Quantization method can be divided into uniform quantization and non-uniform quantizing.It include index quantization in non-uniform quantizing method, secondary Side's quantization, broken line quantization estimate quantization etc. based on signal distributions.Quantization step based on signal distributions estimation can pass through nonparametric Estimation method determines.In conventional OFDM systems, for example, Jizong Peng in 2017 in IEEE Photonics " the SQNR Improvement Enabled by Nonuniform DAC Output Levels for that Journal is delivered IM-DD OFDM Systems ", the fact that meet Gaussian Profile according to ofdm signal, determines quantizing noise minimum using Matlab When quantization step, improve the transmission performance of IMDD-OFDM system.But in IMDD filter bank multi-carrier system, waveform warp After wave filter processing, distributed wave and non-fully in Gaussian Profile is not available based on Gaussian Profile it is assumed that just can not yet The quantization step optimization algorithm proposed using Jizong Peng, so the method for non-parametric estmation can only be used to signal distributions Carrying out estimation just can determine that quantization step.
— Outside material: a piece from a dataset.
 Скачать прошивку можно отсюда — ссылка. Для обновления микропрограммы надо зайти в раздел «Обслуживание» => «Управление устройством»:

2018, " the Performance that the present inventor delivers in IEEE Photonics Journal Optimization by Nonparametric Histogram Estimation for Low Resolution in IMDD-OQAM-OFDM System " use non-parametric estmation histogram method to carry out signal estimation to IMDD-OQAM-OFDM waveform Determine quantization step.But non-parametric estmation histogram method is larger to sample size demand, and computation complexity and storage complexity all compare It is larger, and it is only applicable to low-dimensional data, when dimension increases, space needed for histogram will exponentially increase with the increase of dimension Add.So quantization step optimizes determining algorithm, there are still rooms for improvement.
Summary of the invention
For the defects in the prior art, the present invention provides a kind of for filter bank multi-carrier modulation optical communication system K-means non-uniform quantizing algorithm, to improve the quantization performance of DAC.
K mean value (K-means) is a kind of machine learning algorithm based on Statistical Learning Theory.The advantages of K-means is former Reason is simple, realizes and is easy, fast convergence rate, and Clustering Effect is more excellent.Simultaneously as K-means is a kind of unsupervised cluster point Algorithm is analysed, the training of early period is not needed, cluster calculation is carried out by the transmitting signal data to filter bank multi-carrier and is somebody's turn to do K quantized interval of waveform, so that it may determine its quantization step.
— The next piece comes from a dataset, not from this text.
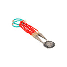 This striking vintage Navajo handmade pendant and pin showcases the beauty of traditional craftsmanship and natural materials. The piece features a sterling silver concho centerpiece, hand-stamped with classic Navajo sunburst designs that radiate texture and depth. Flowing from the silver are vibrant strands of natural coral and shell beads, complemented by a loop of Sleeping Beauty turquoise, prized for its brilliant sky-blue hue. The combination of these materials creates a stunning contrast; red coral symbolizing life and vitality, turquoise representing protection and healing, and shell adding a soft, organic balance. Each element is meticulously hand-assembled, reflecting both artistry and cultural symbolism.

Based on this, the present invention adopts the following technical scheme:
For the K-means non-uniform quantizing algorithm of filter bank multi-carrier modulation optical communication system, include the following steps:
Step 1: the data sequence that filter bank multi-carrier modulation transmitter is sent is input to data preprocessing module, it will Input of the feature vector of generation as K mean quantization module;
Step 2: K feature vector is chosen as initial quantization rank, calculates the distance between each vector and quantization step vector, According to distance by each vector clusters into the set apart from nearest quantization step vector, quantized interval and each amount is calculated Change the center vector in section;
Step 3: the initial quantization rank that the center vector that step 2 is generated is calculated as distance, iterative step 2 is until receive It holds back, obtains K quantized interval and center vector;
Step 4: exporting quantized interval obtained in step 3 and center vector to obtain quantized result.
Preferably, in step 1: the data prediction mode of use includes: the method for 1) vector building are as follows: is prolonged by tap When device obtain characteristic value of the sampled value as each data of current data and its several front and back data, construction feature to Amount.2) vector processing method are as follows: assign weight in centre tapped characteristic value, increase its calculate apart from when the influence that generates, Obtain final feature vector.The weight parameter can take the fixed value between 1~1.5.Wherein, the structure of input data sequence At method are as follows: split data real and imaginary parts and emit end data, by real part data Re { x1}Re{x2}…Re{xnAnd imaginary data Im{x1}…Im{xnAccording to former data sequence independent input.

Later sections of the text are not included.